Does it seem like you need a second mortgage to fill your cart at the grocery store these days? Are these price spikes that hit us at the checkout line for real, or not as bad as they seem?

A lot depends on which prices you consider. Take the old standby of meat and potatoes. According to the federal Bureau of Labor Statistics (BLS), over the past two years a pound of ground beef went from an average of $2.23 per pound to $2.77, an increase of almost 25 percent. By contrast, potato prices rose over the past two years from $.63 to $.69 per pound, an increase of only 8 percent.

According to Parke Wilde, an associate professor and food economist at the Friedman School of Nutrition Science and Policy, U.S. food prices are more complicated than they appear at first glance.

Tufts Now: There is a perception among consumers that U.S. food prices have recently skyrocketed. Is this true?

Parke Wilde: Basically, I tend to think of it as not such a drastic change. U.S. food price inflation for many years was very low, in the neighborhood of 2 to 3 percent per year, and recently a high year’s food price inflation might be between 4 to 6 percent. Overall inflation is about 2 to 4 percent, so food is not that much higher. Last year, for example, the consumer price index recorded food increases at 3.6 percent.

There are agricultural shortages around the world—to the point that there were food riots in Africa and Asia just a few years ago. How is this global shortage affecting our prices?
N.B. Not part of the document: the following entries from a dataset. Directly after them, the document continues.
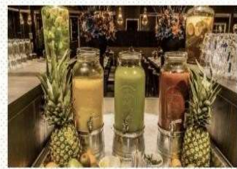
Dispenser succo in Vetro da buffet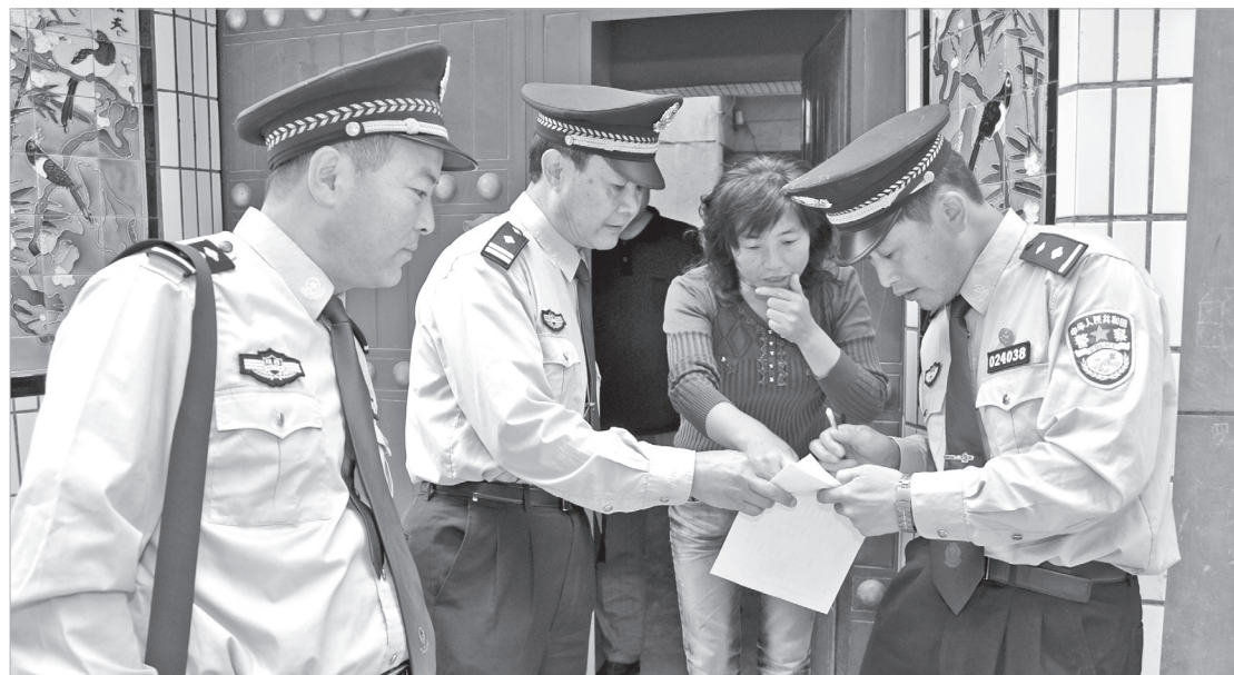
民警上门为企业员工化解矛盾纠纷

等专题内容春训,不断提高保安人员的综合素质。针对涉企违法犯罪风险,组织民警深入企业开展法治宣传、提供法律咨询,预防合同诈骗、职务侵占等违法犯罪行为的发生。同时,渭滨公安分局紧抓新媒体潮流趋势,开展特色“线上+线下”双渠道宣传。在线上新媒体账号安排专人负责,及时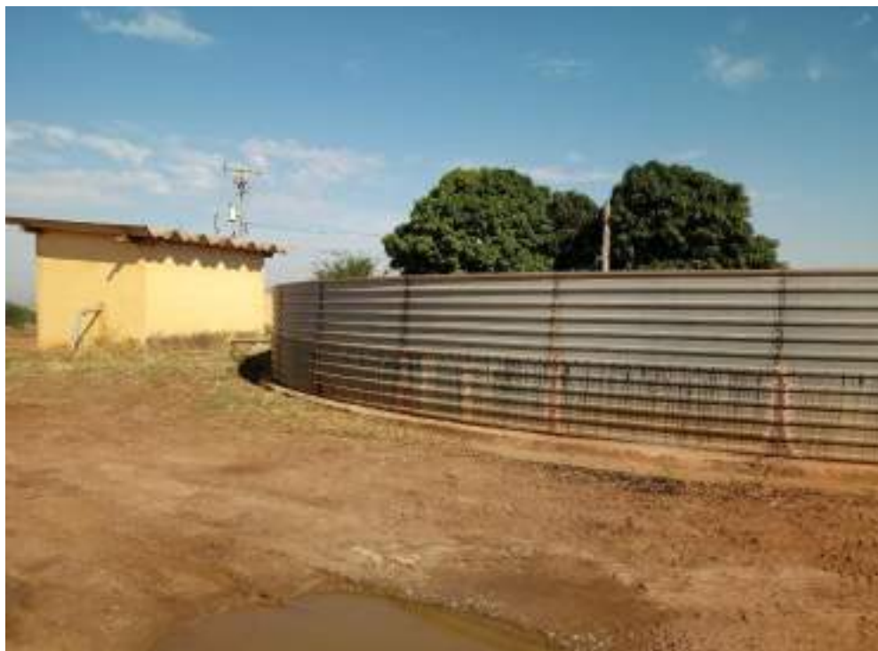
Abrigo e Caixa Australiana

The worst effects of food commodity price spikes are experienced by people in developing countries. The impact on U.S. food prices is not as much as people might think. In a poor country, a staple like rice will be a large portion of a family’s food budget and a large percentage of their entire income, as much as 70 percent. For Americans, food represents only about 10 percent of a family’s budget. Most of the costs we face in the grocery store are happening after the food leaves the farm: manufacturing, transportation, food retail and profit. So even if world commodity prices double, they have a much smaller effect on the U.S. consumer.

What about transportation, manufacturing and other costs that rise when energy and fuel prices go up?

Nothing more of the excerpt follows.